**YOUR ASSIGNMENT**
Give again, exactly as written, the lines of the records below from the line with "Main Control Box" to the line with "Wide audience of". Both end lines count; pictures do not.

**MATERIAL SHOWN**
▬▬▬▬▬▬

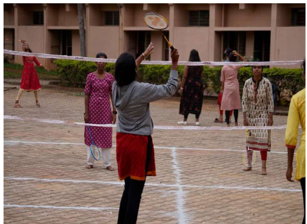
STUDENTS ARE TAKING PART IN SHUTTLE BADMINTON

▬▬▬▬▬▬

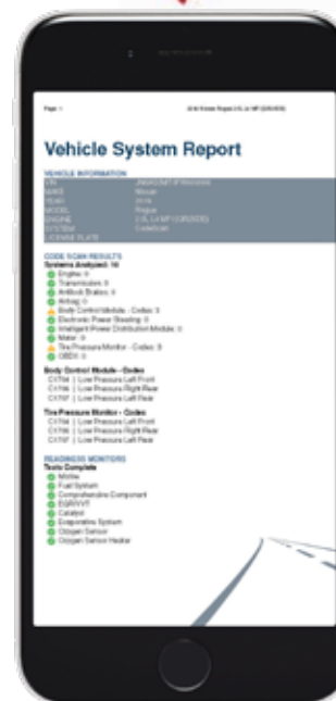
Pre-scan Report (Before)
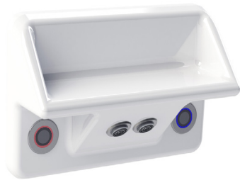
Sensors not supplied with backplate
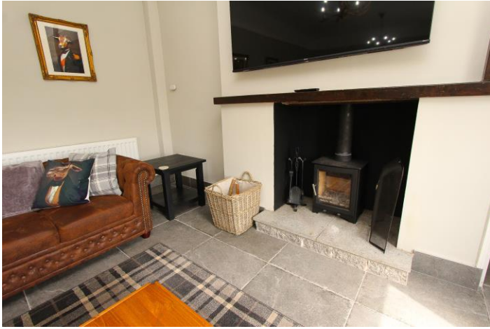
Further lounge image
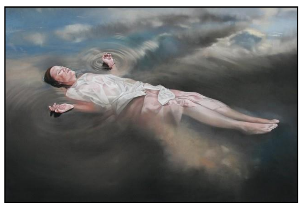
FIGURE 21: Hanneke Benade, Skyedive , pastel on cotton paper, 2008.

▬▬▬▬▬▬

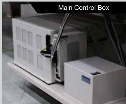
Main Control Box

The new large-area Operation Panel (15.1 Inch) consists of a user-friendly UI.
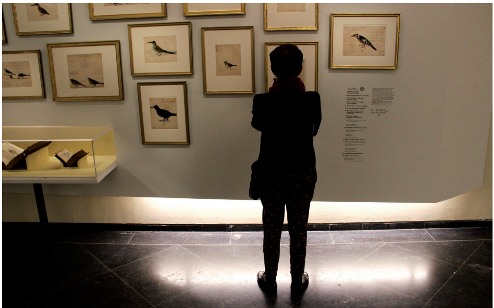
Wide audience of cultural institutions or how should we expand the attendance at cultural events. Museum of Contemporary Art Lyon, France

▬▬▬▬▬▬

**RESPONSE TO THIS TASK**
Main Control Box

The new large-area Operation Panel (15.1 Inch) consists of a user-friendly UI.
Wide audience of cultural institutions or how should we expand the attendance at cultural events. Museum of Contemporary Art Lyon, France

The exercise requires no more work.